# Lab 4: Search Terms 2.0 NumPy
## Stuart Harley

**Introduction**: In lab 3 we created a list of the most popular search terms (tokens) for a given set of search queries.  As people are imperfect, they often misspell search terms, so we are using a spell checking library to remove and interpret misspellings to find the actual most popular terms (and not just the most popular and consistently spelled terms). The search terms come from Direct Supply's DSSI eProcurement system.

In this lab, we are doing the same thing but we are using numpy and pandas to manipulate the data.

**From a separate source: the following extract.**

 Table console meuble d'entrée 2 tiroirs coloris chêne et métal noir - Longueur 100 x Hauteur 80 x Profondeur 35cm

This specific notebook uses Numpy.

**Learning Outcomes**:
- Data importing with Numpy and Pandas
- Cleaning data

**Importing Libraries**

In [63]:
from spellchecker import SpellChecker
import pattern.en
import time
import sys
import numpy as np
import re
import csv
import pandas as pd

**Function splits tokens at %20's and spaces**

In [2]:
def split_token(string):
    return re.split('%20|\s', string)

**Function to clean strings**: Removes surrounding parenthesis from a string and sets the strings to lower case

In [3]:
def clean_str(string):
    if(string.startswith('"')):
        string = string[1:]
    if(string.endswith('"')):
        string = string[:-1]
    string = string.lower()
    return string

**Importing csv data into a 1D numpy array**: I ignore the cases where there is a second word separated by a comma in the csv file since it happens only a small percent of the time. I also ignore the header line.

In [4]:
%%time
original_tokens = np.genfromtxt('/home/harleys/searchTerms.csv', delimiter=',', dtype=str, usecols=(0), skip_header=1)
print("bytes in original_tokens: " + str(sys.getsizeof(original_tokens)))

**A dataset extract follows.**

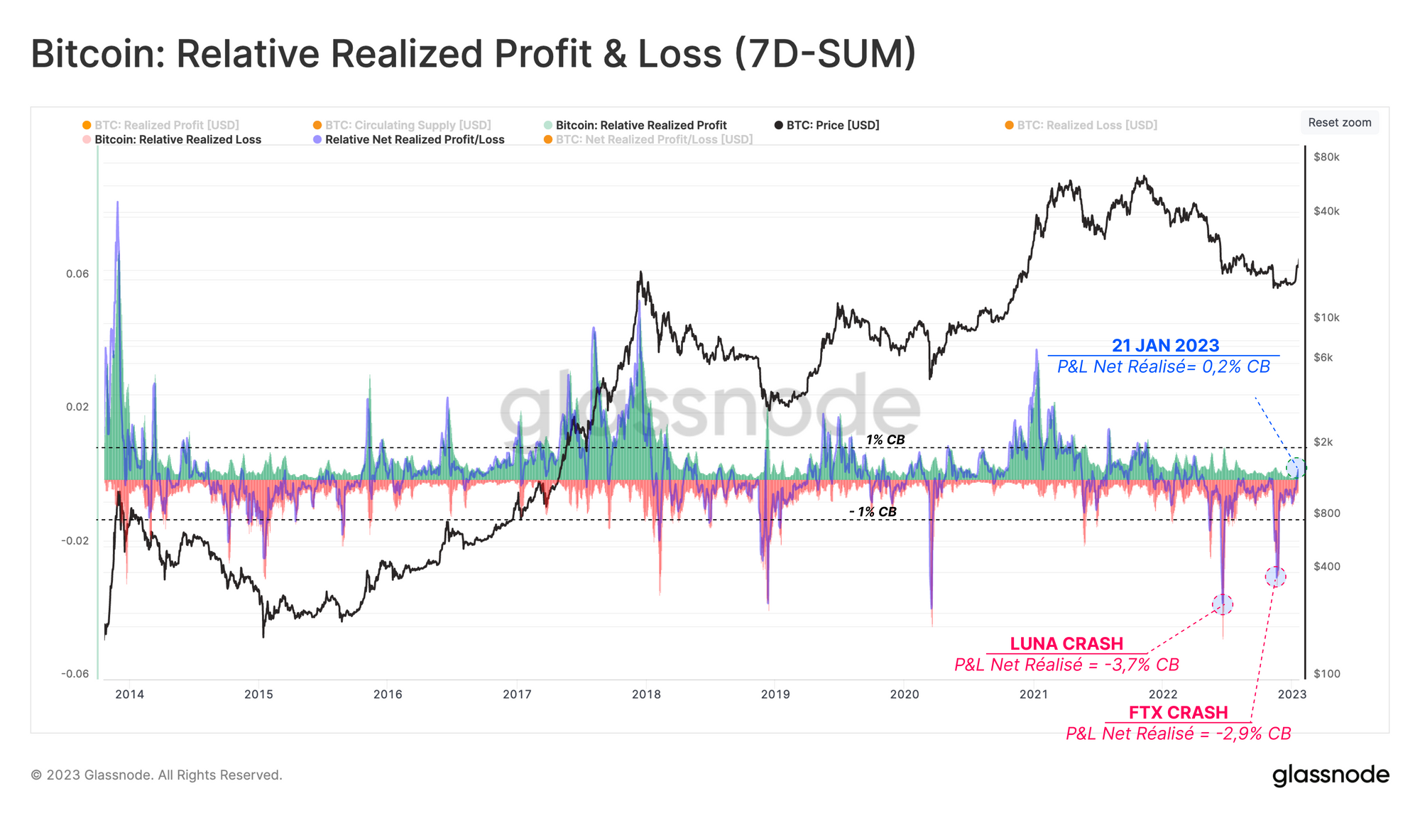 La métrique des profits et pertes réalisés mesure la différence entre la valeur des pièces au moment de l'achat et au moment de la vente. Le graphique ci-dessous affiche le volume agrégé hebdomadaire des profits et pertes réalisés aux côtés des profits et pertes nets réalisés. Pour comparer l'ampleur d'un cycle à l'autre, chaque trace est normalisée par la capitalisation boursière.

bytes in original_tokens: 96
CPU times: user 2.19 s, sys: 307 ms, total: 2.5 s
Wall time: 2.5 s


**Creates a 1D array of all tokens**: (splits the tokens at any %20's and spaces)

In [5]:
%%time
split_tokens = np.array([elem for singleList in list(map(split_token, original_tokens)) for elem in singleList])
print("bytes in split_tokens: " + str(sys.getsizeof(split_tokens)))

bytes in split_tokens: 199758528
CPU times: user 2.56 s, sys: 164 ms, total: 2.72 s
Wall time: 2.72 s


**Creates a 1D array of cleaned tokens**

In [65]:
%%time
cleaned_tokens = np.array(list(map(clean_str, split_tokens)))
print("bytes in cleaned_tokens: " + str(sys.getsizeof(cleaned_tokens)))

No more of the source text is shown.